The sowing eyed an impressive harvest, but as the scythes were being sharpened, the Grim Reaper’s deadly emissary devised a counter stroke. On February 1, 2020, Union Finance Minister Nirmala Sitharaman announced a grand plan to raise Rs 2,10,000 crore from disinvestment. Little did she expect COVID 19, which had begun to spread its deadly tentacles, to tarnish those dreams. Concomitant to that disappointment is the bloodbath in Indian and global markets and a dissolving appetite for public issues and IPOs.
Although disinvestment exercises are on, it will be difficult for the government now to go ahead with strategic sales in the state-owned Air India and BPCL, as well a sale of minority stake in LIC. According to former finance secretary Subhash Chandra Garg, it will be almost impossible to reach anywhere near the ambitious Budget revenue estimates.
“Market conditions are not favourable for the sale of minority stakes in PSUs, and there may be little interest in strategic sales,” he says. He adds that the idea to put smaller PSUs on the block “does not make sense as their market values have slumped”. Moreover, such PSUs can help to raise only a miniscule portion of the budgeted amount.

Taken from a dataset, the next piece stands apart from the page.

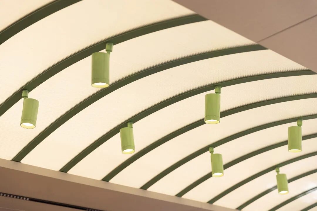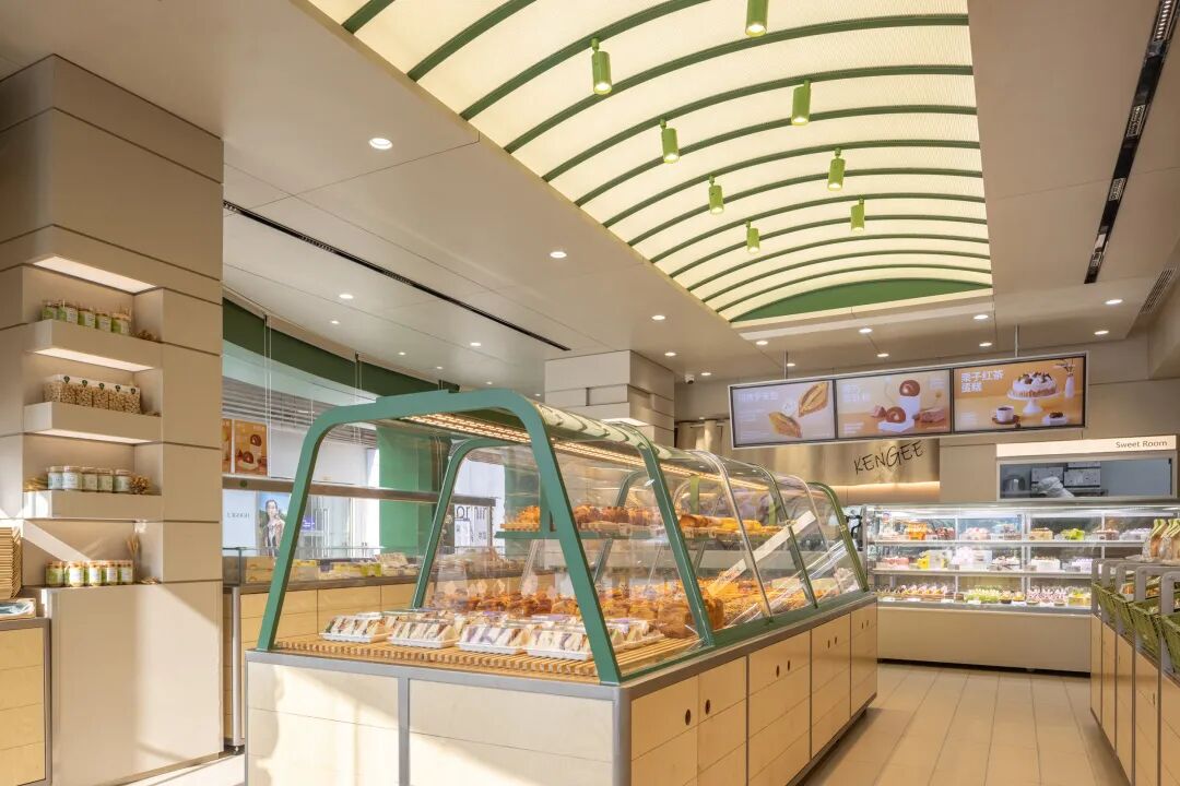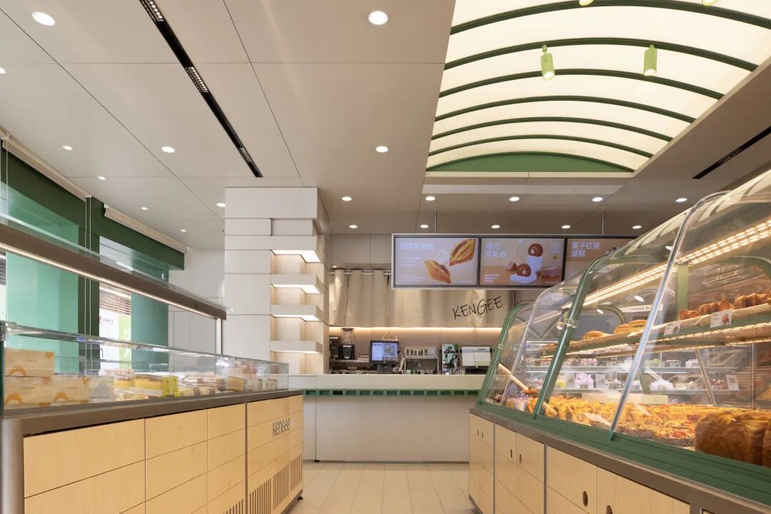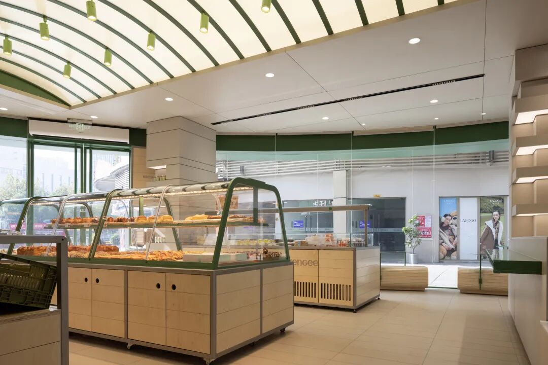 从形似棚架的弧形顶部上撒下温暖而均匀的顶光,和中岛的现烤柜一起成为了整个空间的视觉核心。
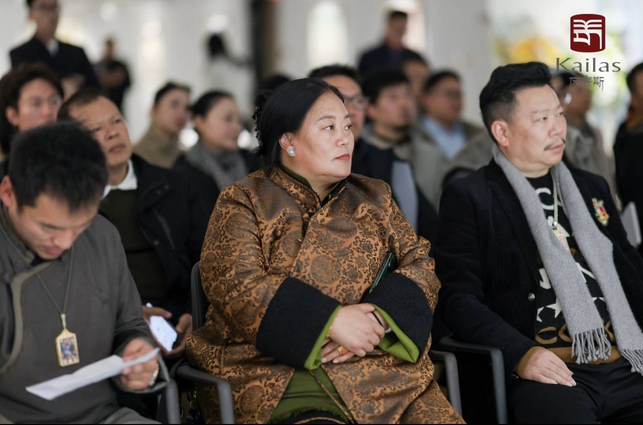 嘉宾合影 本次展览由冈底斯文化出品,著名策展人李易澄策划,旨在将雪域高原的信仰艺术与江南水乡的温润禅韵完美融合。展览核心展品是一幅历经108天僧众诵经加持的珍贵唐卡,它以朱砂、绿松石、珍珠等天然材质研磨上色,承载着藏地千年的文化传承。

Explains CARE Ratings chief economist Madan Sabnavis: “The stock market will never reach the 40,000 level this year, which means that valuations will remain affected. Secondly, there will be deep-rooted problems in the oil and aviation sectors that will impact BPCL and Air India. LIC is just too big, and needs a lot of work before a minority stake can be sold.”
Senior officials agree that they will adopt a wait-and-watch attitude until December 2020. They contend that due to extreme changes in market dynamics, rules may need to be rewritten. A finance ministry official says, “The expenses due to the pandemic will increase, and have not been accounted for in the Budget. Hence, the government will look at various options to raise money, including sale of stakes in smaller PSUs.”
To add to the crisis, US-based Franklin Templeton Mutual Fund recently decided to close six of its Indian debt funds, creating a ripple of insecurity amongst investors. This will further impact the Indian market, despite the RBI’s prompt move to shore up the other ailing mutual funds. Disinvestment has to return on track, but one doesn’t know when. In these uncertain times, timetables are among the first casualties.